The word of the day is “appoint.”  Today’s society believes that there always is a better way.   Invention will improve anything.  Innovation will make everything function more efficiently.  However, the foundations of Holy Tradition in the church are enduring and are not subject to improvement.  One of these is the church order of ordained clergy.  Today in our reading of Act 6:1-7, we read of the establishment of the order of deacons in the church. The twelve apostles said, “Therefore, brethren, seek out from among you seven men of good reputation, full of the Holy Spirit and wisdom, whom we may appoint for this business [of administration and caring]”  (OSB vs.  3). Based on this model, our deacons continue to serve the church today.

In today’s reading, we find the nascent church has outgrown the apostles’ ability to manage it.  In the wisdom of the Spirit, the apostles ask the multitude of believers to choose seven men who will have responsibility for administering the daily distribution of food to the widows.  This ministry will free the apostles to devote their full attention to prayer and the preaching and teaching of the Word (OSB vs. 4).

A Window into the Life of the Early Church

This incident reveals some helpful background about the new community of believers.  It included two groups.  The first were those whom Luke calls “Hellenists.”  These were from a group of Jews who were scattered throughout the Roman empire in the “diaspora.”  They had adapted to the Greco-Roman ways and spoke Greek.  Hence, they were called “Hellenists” from a word referring to what is Greek.  The second group was from the Jewish homeland.  They continued to speak Hebrew.  But they also used Aramaic for everyday communication.

The Solution to a Growing Division

The distinction between these two groups is apparent in the complaint of the “Hellenists” that their widows were “neglected in the daily distribution” of food and provisions.  The term “neglect” has the sense of “to overlook” (Strong’s #3865, 190).   Thus, the oversight was probably unintentional.  It was due to the complexity of the growing numbers of believers (OSB vs. 1).  The multiplication of the company of believers demanded a new kind of leadership, the ordained order we call “deacons.”

If we look closely, we find that the names that the community nominated for this ministry are Greek names.  Accordingly, we can surmise that they were chosen to remedy the specific situation.  Nevertheless, this method must have proven beneficial as it became a permanent institution in the church.

Finally, recall that the first martyr of the faith, Stephen, was from this group.  Like the apostles, he spoke the Word with exceptional power.  And, like the apostles, he saw the Risen Christ.  At his death, he gazed into heaven and saw the “glory of God and Jesus standing at the right hand of God” (OSB Acts 7:55).

The Qualifications of the Deacon

Note that the qualifications for the candidates for the office of deacon were that they must be trustworthy.  That is not surprising since they are to handle the church’s resources.  But more remarkable is the requirement that they had to be “full of the Holy Spirit” as well as wisdom, a gift of the Holy Spirit (OSB vs. 3).
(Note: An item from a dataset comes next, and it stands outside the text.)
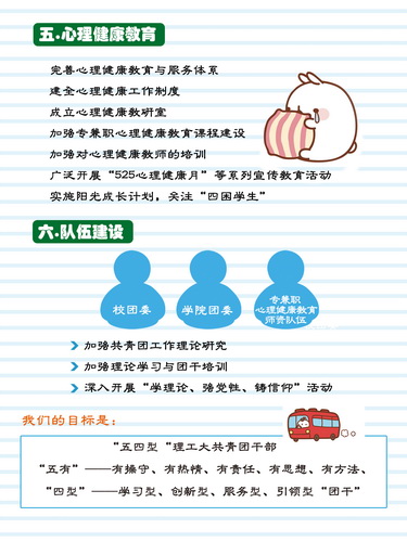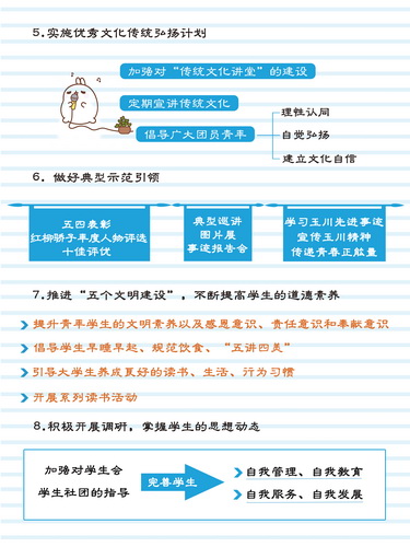 為了使大學(xué)生思想政治教育工作更好地貼近學(xué)生、吸引學(xué)生、凝聚學(xué)生,近日,校團委探索引導(dǎo)青年的新途徑,“圖說校團委2015年工作計劃要點”新鮮出爐了。這張萌圖以生動的語言和富有創(chuàng)意的形式,將我校2015年的共青團工作進行了一次有趣的“自我介紹”,這種極具親和力的宣傳方式深受同學(xué)們的喜愛和歡迎,漫畫獲贊“萌萌噠”。

Note also that the multitude (congregation) selected the men who are qualified.  But it was the Apostles’ role to “appoint” them “over this business” (OSB vs. 3).  And notice that how they did that was by ordination by the “laying on of hands.”  The writer of Acts puts it, “when they had prayed, they laid their hands on them” (Acts 6:6).

In this story, we get a glimpse into the practical life of the first church.  We find that step by step as the church grew, the Holy Spirit provided for the leadership and ministries of the church.

For Reflection

What about the church today?  A sure sign of the continuing, active presence and power of the Holy Spirit in our day is that the church continues to ordain men to the three Holy Orders of deacon, priest, and bishop.  At their ordination, they are especially equipped with the Holy Spirit so that they can serve the Lord and minister to the faithful.  We should thank God that He has provided these servants to minister to us and pray for them daily.